Strona:PL P Bourget Po szczeblach.djvu/406

Ta strona została przepisana.

Związku. Poczuli w Crémieux-Daxie mistrza. Ponieważ milczeli, Crémieux-Dax zapytał:
— Zatem, godzimy się na jedno wszyscy sześciu Dobrze! Teraz, ponieważ nie przybył Rumesnil, który miał dziś prezydować, proponuję losowanie celem wyboru prezydującego, albo też głosowanie.
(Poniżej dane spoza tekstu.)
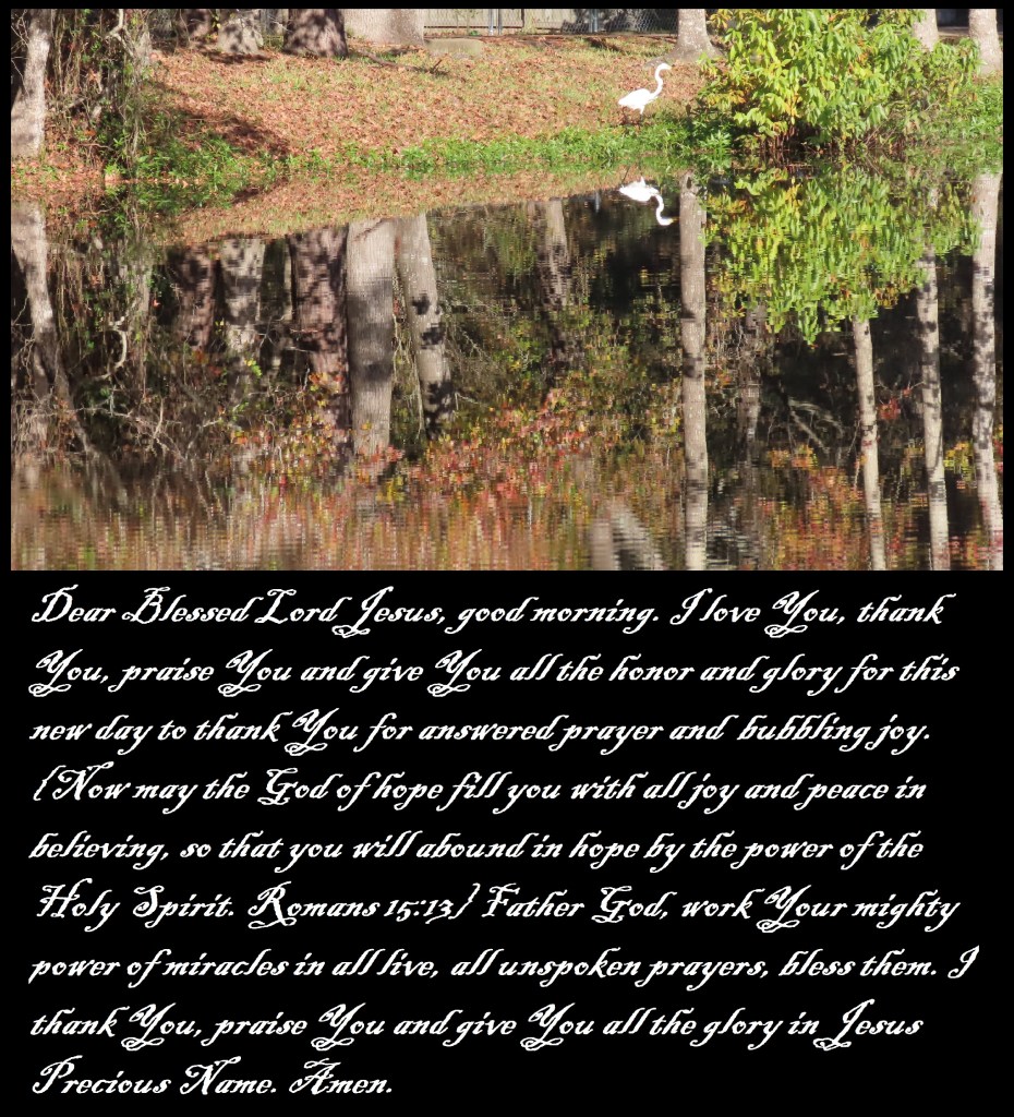 Dear Blessed Lord Jesus, good morning. I love You, thank You, praise You and give You all the honor and glory for this new day to thank You for answered prayer and bubbling joy. {Now may the God of hope fill you with all joy and peace in believing, so that you will abound in hope by the power of the Holy Spirit. Romans 15:13} Father God, work Your mighty power of miracles in all life, all unspoken prayers, bless them. I thank You, praise You and give You all the glory in Jesus Precious Name. Amen.

Za dziesięć minut jeszcze trudniej będzie to uciszyć. Słuchajcie...
Śpiew, zaczęty na dole, rozlegał się teraz w całej sali i najohydniejsze strofki bluźnierstw dochodziły wyraźnie przez cienką ścianę, strofki będące wiekuistą hańbą polityków, którzy upędzając się za nizką popularnością, pozwolili je śpiewać w swojej obecności, a nawet niekiedy sami śpiewali.
— Głosujmy, panowie! — przemówił Robetiere. — Trzeba położyć koniec tym skandalom!...
— Głosujmy! — powtórzył Jan.
Nawet on pogrążony w swej trosce nie mógł powstrzymać się od współczucia dla księdza Chanut, który stojąc w rogu pokoju udawał, że przygląda się uważnie fotografii, przedstawiającej portret człowieka uwieńczonego laurem, dzieło Antonella z Messyny...
To arcydzieło, które można oglądać w Gastello Sforzesco w Medyolanie, wywoływało na tych ubogich, nagich ścianach, wspomnienie potęgi arystokratycznych Włoch piętnastego wieku.
Silny i spokojny pędzel artysty świadczył o cywilizacyi twardej, lecz gruntownej danej epoki — wyraz siły w twarzy modelu tenże sam.